There is such clarity to Leigh’s vision here that it can at times feel embarrassingly intimate. In the awkward mini-rotunda at the building’s core, she has installed “Sentinel,” a, towering, elongated bronze wisp of a woman’s body and a companion to “Satellite” outside, with its disc-shaped head. The space has never been better used; in its emptiness, it feels full.
In the next space, “Conspiracy,” a lyrical video piece made with Madeleine Hunt-Ehrlich, brings motion and sound to the display. Jeanne Lee’s incantation-like abstract jazz vocals are the soundtrack to a lush black-and-white film showing the work of Leigh’s studio, culminating in a raffia-skirted clay figure being set ablaze on the shore outside the studio in Red Hook, Brooklyn. Whatever the intention, I took away the notion of a purification rite, a declaration of self (you might recognize Lorraine O’Grady, a pioneering artist whose performances in the 1980s broke ground on Black identity, watching it burn). It’s paired with “Sharifa,” a 10-foot-tall bronze figure and Leigh’s first-ever portrait, of Sharifa Rhodes-Pitts, an author and historian of Black cultural history at New York’s Pratt Institute. The figure, with its head angled down toward the audience, is authoritative, but peaceful; it holds its space, and makes some for you.
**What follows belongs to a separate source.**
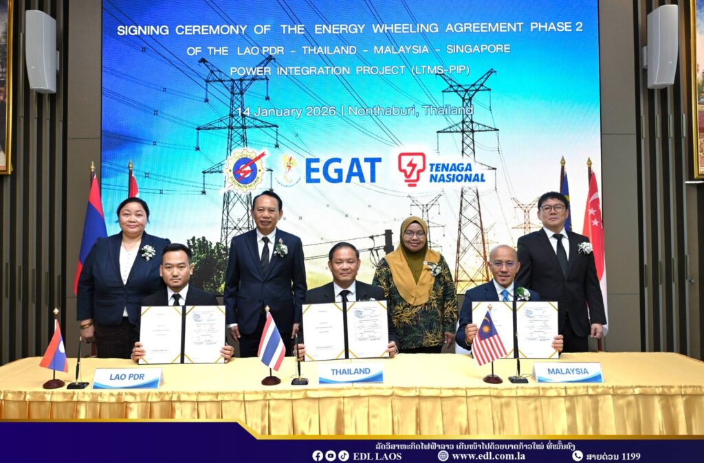 ໃນວັນທີ 14 ມັງກອນ 2026 ຢູ່ທີ່ ນະຄອນຫຼວງບາງກອກ ສຳນັກງານໃຫຍ່ຂອງ ການໄຟຟ້າຝ່າຍຜະລິດແຫ່ງປະເທດໄທ(EGAT) ໄດ້ມີພິທີລົງນາມຮ່ວມມືດ້ານພະລັງງານ ລະຫວ່າງ ລັດວິສາຫະກິດໄຟຟ້າລາວ(EDL), ການໄຟຟ້າຝ່າຍຜະລິດແຫ່ງປະເທດໄທ (EGAT) ແລະ ເທນາການາຊຽນໂນເບີຮັດ (TNB)ປະເທດມາເລເຊຍພາຍໃຕ້ໂຄງການຮ່ວມມື ລາວ-ໄທ-ມາເລເຊຍ-ສິງກະໂປ LTMS-PIP. ຈຸດປະສົງເພື່ອເຊື່ອມລະບົບໄຟຟ້າ 100 ເມກາວັດ (MW) ຈາກ ສປປ ລາວ ໄປຫາ ປະເທດສິງກະໂປ, ໂດຍຜ່ານສາຍສົ່ງທີ່ມີຢູ່ຂອງ ປະເທດໄທ ແລະ ປະເທດມາເລເຊຍ ໄລຍະທີ 2 ມີອາຍຸສັນຍາ 2 ປີ ຈະເປັນການຮ່ວມມືດ້ານພະລັງງານໄຟຟ້າຂອງບັນດາປະເທດອາຊຽນ ບົນພື້ນຖານວິໄສທັດການເຊື່ອມໂຍງຕາຂ່າຍໄຟຟ້າອາຊຽນ (ASEAN Power Grid ຫຼື APG) ໂດຍການລົງນາມຂອງ ທ່ານ ສຸກສະຫວາດ ໂສສຸພັນ ຮອງຜູ້ນຳອໍານວຍການໃຫຍ່ ລັດວິສາຫະກິດໄຟຟ້າລາວ, ທ່ານ ດຣ. ນະຣິນ ເຜົ່າວະນິດ ຜູ້ວ່າການ ການໄຟຟ້າຝ່າຍຜະລິດແຫ່ງປະເທດໄທ ແລະ ທ່ານ Hasmarizal Hassan ຫົວໜ້າເຈົ້າໜ້າທີ່ລະບົບສາຍສົ່ງ (Chief Grid Officer) ມາເລເຊຍ.
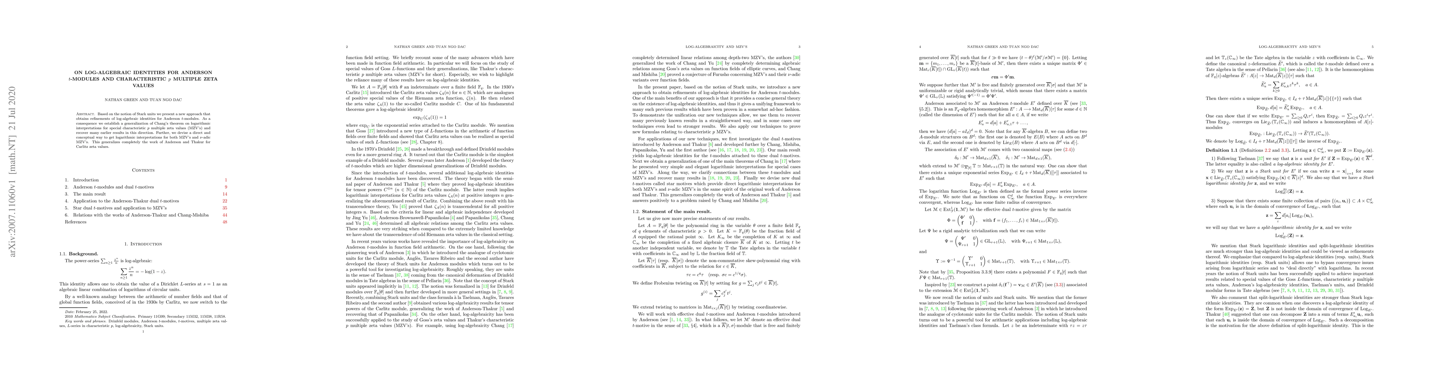 The paper introduces a new method using Stark units to refine log-algebraic identities for Anderson t-modules, leading to a generalization of Chang's theorem on characteristic p multiple zeta values and providing direct interpretations for both MZV's and v-adic MZV's. This extends the work done by Anderson and Thakur on Carlitz zeta values.

The final gallery here feels like a crescendo of Leigh’s mastery of her craft, with three spectacular ceramic works: “Cupboard,” a towering dome of raffia topped with a single white cowrie shell; “Sphinx,” feline and supple, with sleek olive skin; and “Martinique,” a brilliant, rich blue, a female figure without a head, mounted on a ceramic dome. As ever with Leigh, form is wound tight to research that pinpoints injustice — racist, sexist and often both: “Cupboard” references the grossly bigoted “Mammy’s Cupboard,” restaurant in Mississippi, where the dining area was literally under a black woman’s skirt. With grace, beauty, and irresistible force, Leigh’s work says much about how we arrived at this fractured moment. She defines the problem and leaves us to sit with it. It is, very clearly, outrageous. What happens next is the question of the hour. Leigh’s work may be intended primarily for Black women. But it’s a question for every one of us.
SIMONE LEIGH: SOVEREIGNTY
United States Pavilion, Venice Biennale. April 23 - Nov. 27. Giardini Pubblici, Venice, Italy. www.labiennale.org.